Content starts

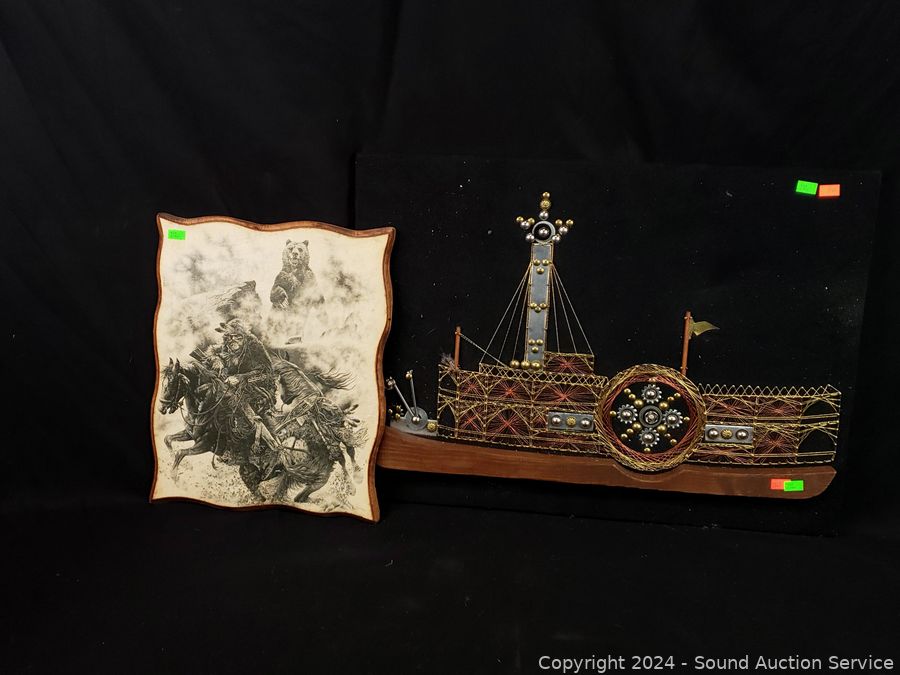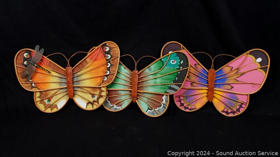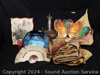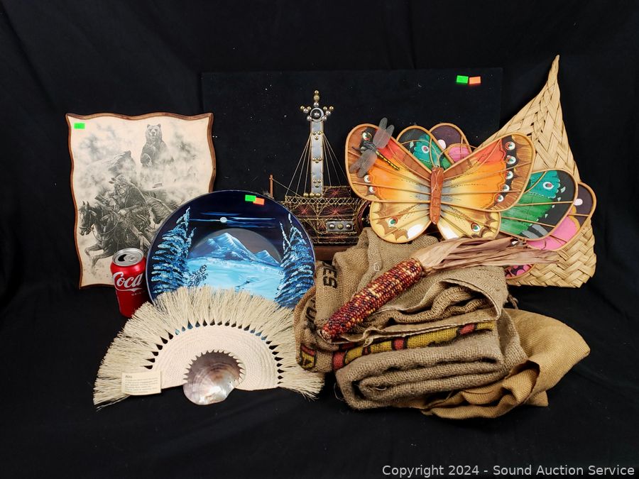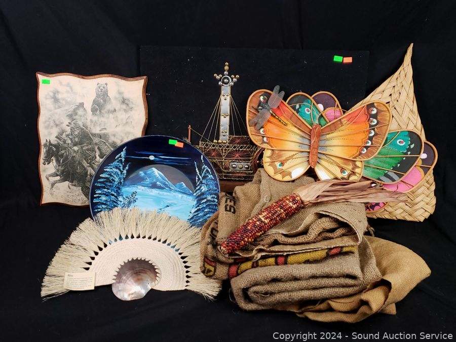 2 handcrafted fans, 3 hand painted crafted butterflies, hand painted Alaska gold pan, wire art ship, native plaque, etc. Refer to photos for more details.
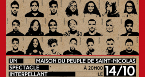 Jeunesse Nomade en scène à la Maison du Peuple de Saint-Nicolas ! Fruit poétique d’une rencontre inattendue entre des jeunes mineurs étrangers non accompagnés (MENA) vivant dans des centres pour demandeurs d’asile et des jeunes de Maisons de Jeunes, cette Jeunesse Nomade a fait naître un spectacle magique, bouleversant et spontané qui mélange théâtre, danse, musique et vidéo. La création raconte les itinéraires et questionnements des jeunes sur le façonnement de notre société cosmopolite et sur le sens du mot…
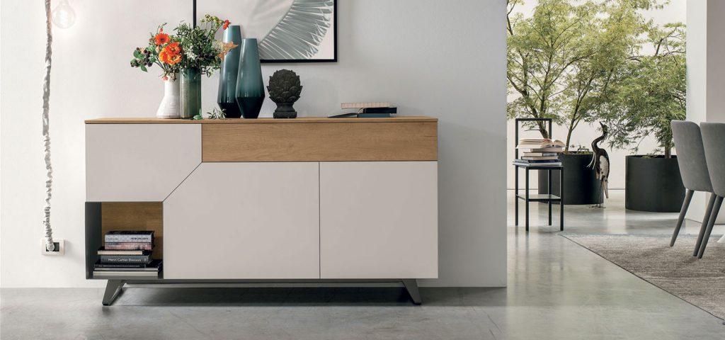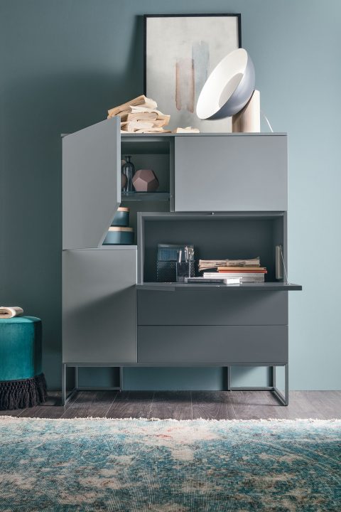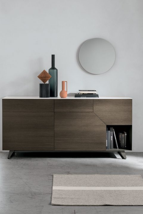 Madia Remix X01 struttura laccato opaco carta da zucchero 155 e bromo 176. Basamento metallo laccato bromo 176.
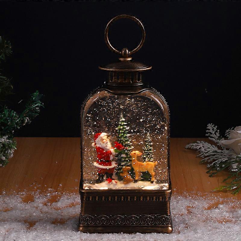 Christmas decorations night light portable oil lamp snow old man wind lamp music box scene decoration gift D3-2 flat lantern brush gold old man
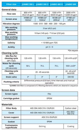 ROTOR JUMBO are self-cleaning screen filters designed for filtration of liquids containing solid particles even colloidal. Special suction pads ensure the complete cleaning of the screen with minimum water consumption and without stopping the filtration process. All filters are supplied ready to work, with valves, pressure gauges and electronic controller included. The JUMBO series includes models of JUMBO ROTOR specifically designed to treat large volumes of water(from 800 to 3000 m3/h), with a filtration degree ranging from 1500 to 100 μm, though maintaining all the key features of the smaller models of the family.
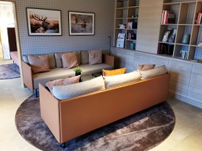 Neben der Rezeption gibt es eine gemütlich eingerichtete Lounge. Wellnessfreunde finden einen schönen Bereich zur Nutzung mit verschiedenen Saunen, 200 qm Erholung pur, die wir aber nicht genutzt haben. Ayurvedische Massagen und kosmetische Anwendungen sind auch im Angebot.
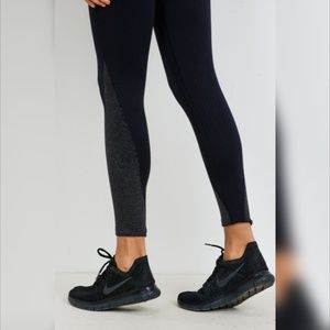 These leggings are decorated with just the right amount of subtle details. Using seamless technology, this pair is woven with unique shimmery stripe blend for the high waist band that as well as accent on the lower leg that glitters as it catches light.
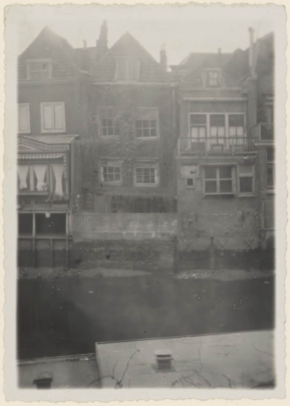 Achtergevels van huizen ten zuiden van de Nieuwbrug aan de waterzijde van de Voorstraat.
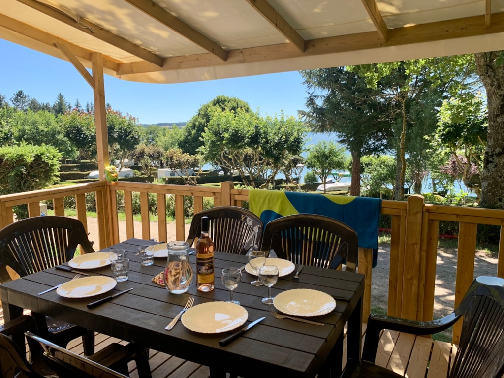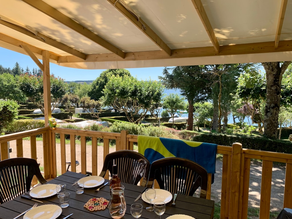 Ankunft nach 15 Uhr Abreise vor 10 Uhr. Mobilheim mit 3 Schlafzimmern (2023), 36m2 + 15m2 überdachte Terrasse, in einem ruhigen Teil des Campingplatzes mit schönem Blick auf den See gelegen.

Content ends

__Exercise description__. Set down word for word every line from the one containing "Neben der Rezeption" through the last line of the records above, both ends included. Leave out the pictures.

__Worked solution__.
 Neben der Rezeption gibt es eine gemütlich eingerichtete Lounge. Wellnessfreunde finden einen schönen Bereich zur Nutzung mit verschiedenen Saunen, 200 qm Erholung pur, die wir aber nicht genutzt haben. Ayurvedische Massagen und kosmetische Anwendungen sind auch im Angebot.
 These leggings are decorated with just the right amount of subtle details. Using seamless technology, this pair is woven with unique shimmery stripe blend for the high waist band that as well as accent on the lower leg that glitters as it catches light.
 Achtergevels van huizen ten zuiden van de Nieuwbrug aan de waterzijde van de Voorstraat.
 Ankunft nach 15 Uhr Abreise vor 10 Uhr. Mobilheim mit 3 Schlafzimmern (2023), 36m2 + 15m2 überdachte Terrasse, in einem ruhigen Teil des Campingplatzes mit schönem Blick auf den See gelegen.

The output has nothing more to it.